Vietnamese Piano
Haunting the music is the timbre of the Vietnamese Piano. It’s the chill that trickles down the line of the spine, before nestling into the worn corners of the skin.
Covered in fog, the dull colour of the evening light smears the piano’s tone. She is old and dusty, but determined nonetheless. She coughs out the notes in the black of the night. The atmosphere is a spacious one, where the threat of permanent absence is near, so near, and with this ever-widening gap comes a penetrating cold, filtering casually into the music from the womb of the void. It’s a subtle strike, claiming the piano’s potential warmth and replacing it with the cooler degrees of the dusk.
Vietnamese Piano was recorded during the evening, in real time. Some of the music has seen itself severed, cut abruptly, permitting entry to the breeding of uncertainty and the brooding of apprehension. Some pieces trail off with no real resolution, unfinished business left permanently to decay. Speaking of decay, the notes trail off into the distance, powdered by a healthy smack of reverb.
You can picture the house in Hanoi, the environment shaping the contours of the music, curving the body of the drone against the sparse piano. The black and white tone is the kind that drains the sky of its rainbow and the house of its comfort, stripping it all back until the notes are left to hang there, bare, vulnerable in the failing light.
The deep electronic can be heard on the sub-level, as if it were a humming halogen, intermittent in its outpouring of light. It’s the ink in the tunnel, lifeless obsidian, the underground parking lot in the dead of night. In a dark recess, the cobwebs are spun and the black spiders scuttle; their concentric circle is secluded away, but it is there nevertheless. Their descendants are ancient creatures, as old as the piano herself. The background hiss could be the sound of a faraway wind, coming closer and closer.
Like a solar eclipse, the notes drain the colour out of the day. Some of the opening notes come as a shock to the system, as if there never were a day to begin with. Vietnamese Piano has the feel of the evening tucked away in its very soul, the dusk that has no desire or inclination to seek out the sun.
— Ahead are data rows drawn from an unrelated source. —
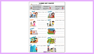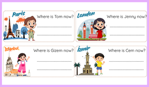 3. sınıf 7. ünite “In My City” konusuna yönelik hazırladığımız bu çalışma, öğrencilerin “Where is…?” soru kalıbını öğrenmelerini, bulundukları şehir ile ilgili cevap vermelerini ve pekiştirmelerini amaçlayan bir etkinliktir. Çalışmada öğrenciler, farklı kişilerin hangi şehirde olduklarını sorup cevaplayarak hem soru sorma hem de cevap verme becerilerini geliştirirler.
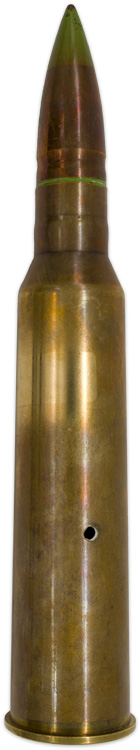 25x193.5mm R Hotchkiss Armor-Piercing Tracer (green tip) shell manufactured by Manufacture de Machines du Haut-Rhin in 1937. Used in SA Mle. 1934, 1935, 1937 & AC Mle. 1934 anti-tank guns (2,5cm Pak. 112[f], 2,5cm Kwk. 121[f], & 2,5cm Pak. 113[f] respectively in German service).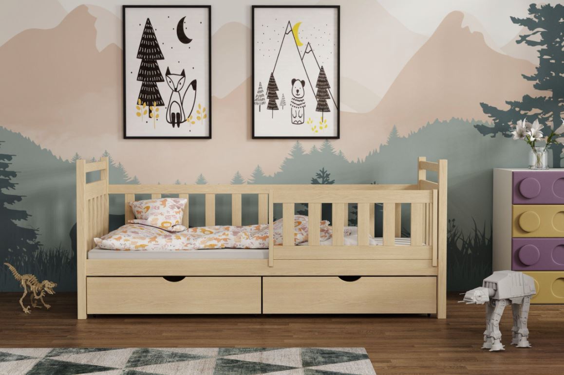 Natálie je klasická jednolůžková postel, která se bude dobře vyjímat v každém dětském pokojíčku. Konstrukce z borovicového dřeva je pevná a odolná a minimalistický vzhled zapadne téměř do každého interiéru. Jednoduchá konstrukce jde ruku v ruce s velmi vysokou odolností a nosností, díky čemuž postýlka bez problémů odolá i dětským hrám. U bočnic a čel je šířka použitého materiálu 2,6 cm. Postel je pokryta lakem na vodní bázi, který nenese riziko zdravotních problémů. Bezpečnost dětí během spánku zajišťuje ochranná bariérka s univerzální možností montáže na pravou i levou stranu postele. Součástí postele jsou dva prostorné šuplíky, které slouží k uložení lůžkovin a hraček a pevný laťkový rošt.

The music of the Vietnamese Piano was never intended for release, just like the nest of spiders that so wanted to stay underneath the boards. They were never supposed to see the pale light of the sunset, yet here they are. One thing is for sure: Vietnamese Piano hides something, something that lurks vaguely behind the rolling, low-level bank of clouds. In the fog, there is never the opportunity to find out. It never lifts.